Ned Barnett

FEC veteran laments ‘dark money’ in elections

FEC commissioner Ellen Weintraub
FEC commissioner Ellen Weintraub

Ellen L. Weintraub, a longtime commissioner on the Federal Election Commission, thinks the FEC’s six commissioners should get out more. Certainly there’s not much point in their staying holed up in Washington. They’re hopelessly split, with three Democrats and three Republicans, and getting almost nothing done.

The Washington Post’s Dana Milbank wrote recently of the FEC’s impasse: “If you’ve been thinking of breaking federal election law, this would be an excellent time to do it, because the chance of being caught is close to nil. There is no cop on the beat.”

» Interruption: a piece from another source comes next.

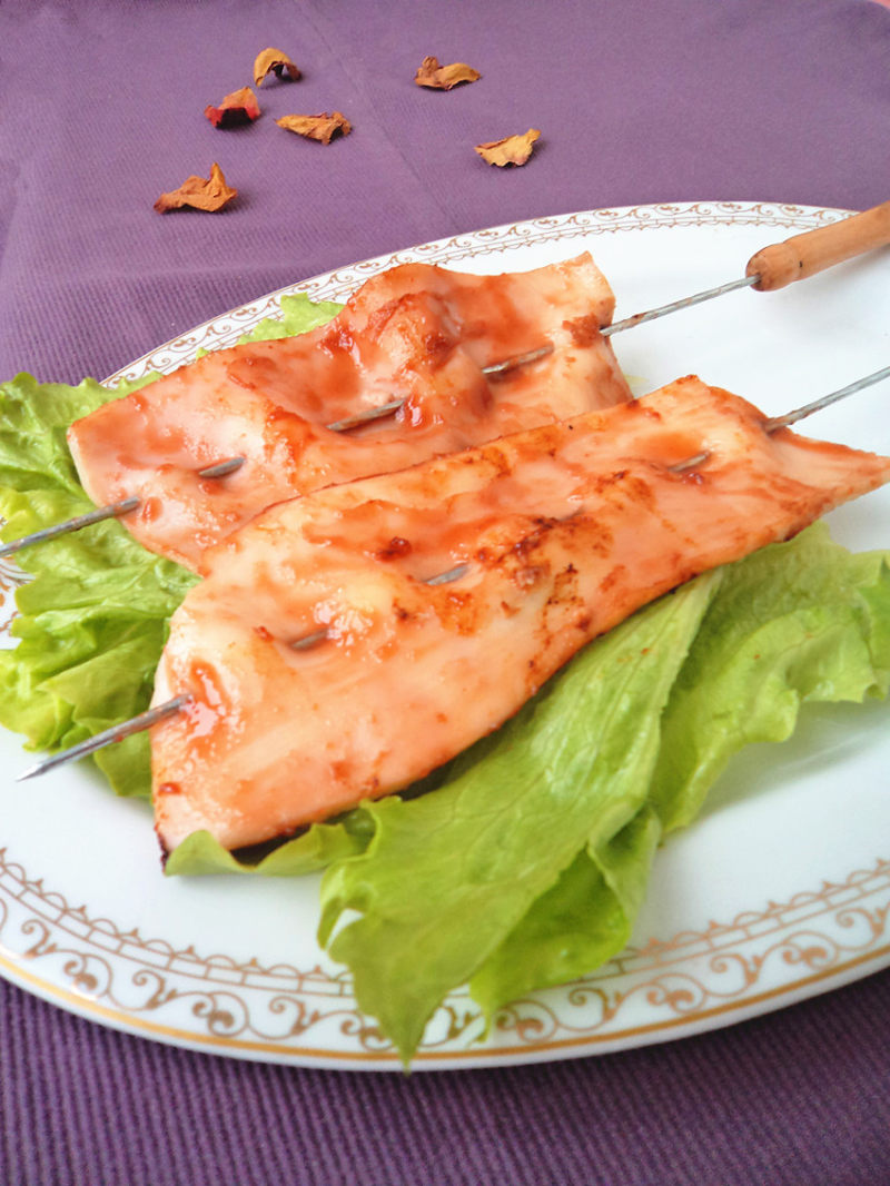 7:将酱汁刷在鱿鱼上。

Weintraub, a Democrat, has given up hope of persuading her Republican commissioners to enforce election laws. But she thinks they might be swayed if they would go out into the states and speak with people being bombarded by political TV ads, many of them sponsored by vaguely named groups that don’t disclose their donors. “It’s important for us to hear how our rules trickle down and affect them,” she says.

Leading by example, the FEC commissioner visited Raleigh last week to speak to N.C. Voters for Clean Elections and to meet with The News & Observer’s editorial board. A trip to North Carolina was no accident. North Carolina is ground zero for exploding and largely unpoliced political spending. In the state’s U.S. Senate race between incumbent Democrat Kay Hagan and Republican state House Speaker Thom Tillis, outside groups nominally unconnected to the candidates’ campaigns had spent nearly $30 million through the end of September, according to the Brennan Center for Justice at the New York University School of Law.

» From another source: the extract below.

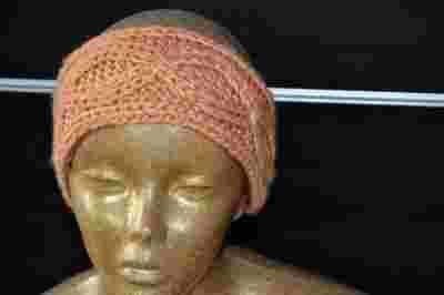 CIEPŁA OPASKA NA USZY ZIMA PLECIONA BRZOSKWINIOWA

The rising amount “is shaping up to be the biggest amount of outside spending in this election. It may turn out to be the most ever,” said Ian Vandewalker, counsel for the Brennan Center’s Democracy Program.

Nationally, the amount spent on political TV ads has reached nearly $1 billion. About half are bought by groups that don’t disclose their donors.

Weintraub is impressed by the volume of cash, but she’s more worried about the sources of the funding being hidden. She notes that Ronald Reagan, both Presidents Bush and even Barry Goldwater supported disclosure of donors. “I don’t know when disclosure became a partisan issue, but unfortunately it has become that,” she says.

Whenever the change occurred, the combination of big money and no transparency was greatly accelerated by the Supreme Court’s Citizens United ruling. That allowed corporations and unions to give unlimited amounts to “issue groups” that tear down one candidate but claim not to be affiliated with the candidate’s opponent. The illusion of separation has become so thin some so-called C-4 issue groups are being formed with a single candidate as their “issue.”

The lack of disclosure allows voters to be more manipulated than informed by political ads, Weintraub says. “You can’t evaluate ads if you don’t know who is behind them,” she says.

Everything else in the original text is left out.